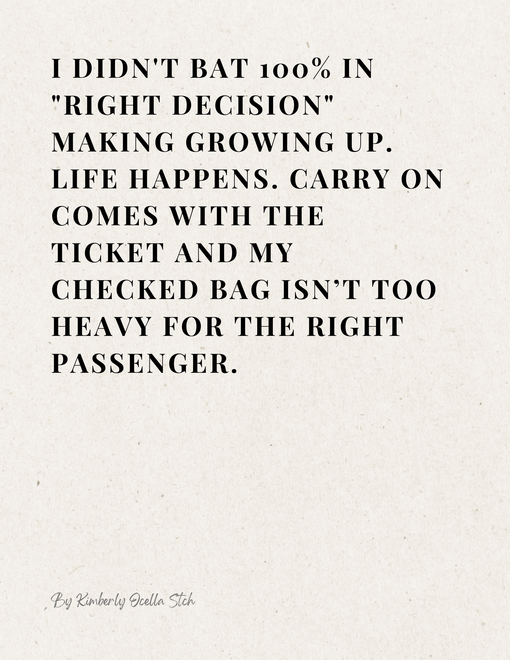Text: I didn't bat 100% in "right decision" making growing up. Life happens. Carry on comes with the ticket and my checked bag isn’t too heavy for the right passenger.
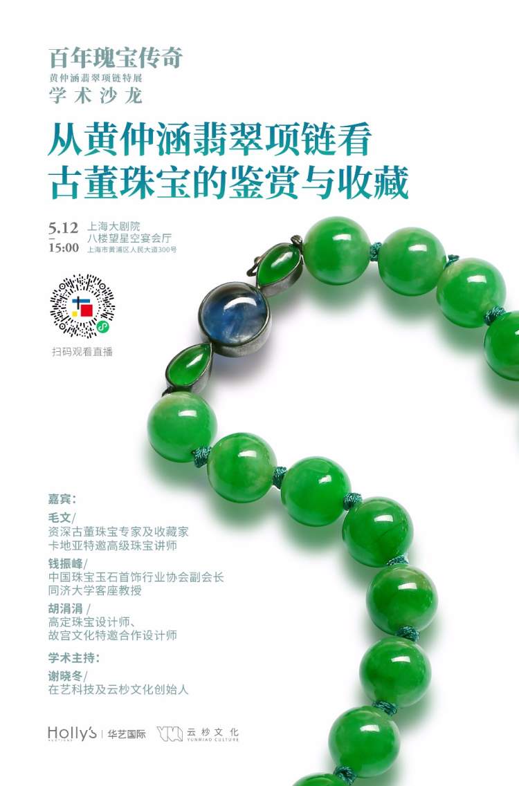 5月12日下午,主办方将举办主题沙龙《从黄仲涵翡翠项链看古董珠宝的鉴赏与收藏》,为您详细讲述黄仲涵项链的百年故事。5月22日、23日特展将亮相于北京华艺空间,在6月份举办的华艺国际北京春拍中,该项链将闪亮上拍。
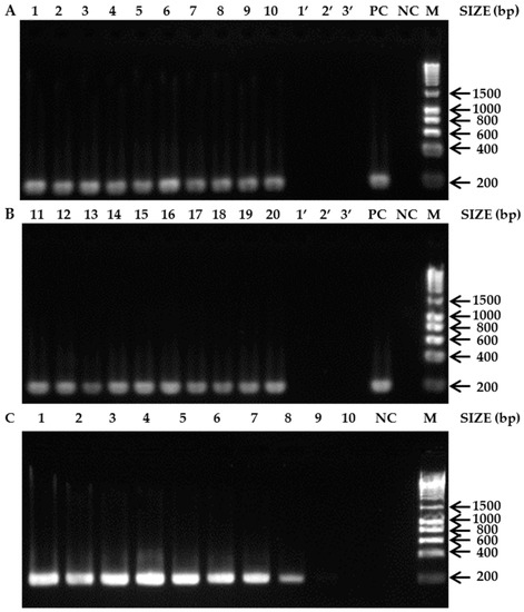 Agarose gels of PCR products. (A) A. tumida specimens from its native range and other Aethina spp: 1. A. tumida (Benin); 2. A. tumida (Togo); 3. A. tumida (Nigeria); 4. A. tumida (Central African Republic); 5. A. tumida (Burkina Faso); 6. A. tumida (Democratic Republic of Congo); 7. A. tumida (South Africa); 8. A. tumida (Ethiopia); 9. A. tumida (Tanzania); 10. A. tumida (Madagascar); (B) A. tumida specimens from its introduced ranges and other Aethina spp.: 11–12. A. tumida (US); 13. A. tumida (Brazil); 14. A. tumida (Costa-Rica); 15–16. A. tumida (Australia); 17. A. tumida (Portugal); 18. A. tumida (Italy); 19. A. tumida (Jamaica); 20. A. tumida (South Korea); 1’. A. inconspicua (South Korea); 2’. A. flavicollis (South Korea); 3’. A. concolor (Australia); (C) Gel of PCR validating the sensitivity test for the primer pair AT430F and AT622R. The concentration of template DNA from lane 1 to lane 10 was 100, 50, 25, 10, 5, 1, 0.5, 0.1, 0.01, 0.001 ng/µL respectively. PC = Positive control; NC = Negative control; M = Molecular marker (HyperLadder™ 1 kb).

=-=-=

* _TASK TO COMPLETE_:
The result should be an exact copy of the material, containing no pictures.

* _RESULT_:
Text: I didn't bat 100% in "right decision" making growing up. Life happens. Carry on comes with the ticket and my checked bag isn’t too heavy for the right passenger.
 5月12日下午,主办方将举办主题沙龙《从黄仲涵翡翠项链看古董珠宝的鉴赏与收藏》,为您详细讲述黄仲涵项链的百年故事。5月22日、23日特展将亮相于北京华艺空间,在6月份举办的华艺国际北京春拍中,该项链将闪亮上拍。
 Agarose gels of PCR products. (A) A. tumida specimens from its native range and other Aethina spp: 1. A. tumida (Benin); 2. A. tumida (Togo); 3. A. tumida (Nigeria); 4. A. tumida (Central African Republic); 5. A. tumida (Burkina Faso); 6. A. tumida (Democratic Republic of Congo); 7. A. tumida (South Africa); 8. A. tumida (Ethiopia); 9. A. tumida (Tanzania); 10. A. tumida (Madagascar); (B) A. tumida specimens from its introduced ranges and other Aethina spp.: 11–12. A. tumida (US); 13. A. tumida (Brazil); 14. A. tumida (Costa-Rica); 15–16. A. tumida (Australia); 17. A. tumida (Portugal); 18. A. tumida (Italy); 19. A. tumida (Jamaica); 20. A. tumida (South Korea); 1’. A. inconspicua (South Korea); 2’. A. flavicollis (South Korea); 3’. A. concolor (Australia); (C) Gel of PCR validating the sensitivity test for the primer pair AT430F and AT622R. The concentration of template DNA from lane 1 to lane 10 was 100, 50, 25, 10, 5, 1, 0.5, 0.1, 0.01, 0.001 ng/µL respectively. PC = Positive control; NC = Negative control; M = Molecular marker (HyperLadder™ 1 kb).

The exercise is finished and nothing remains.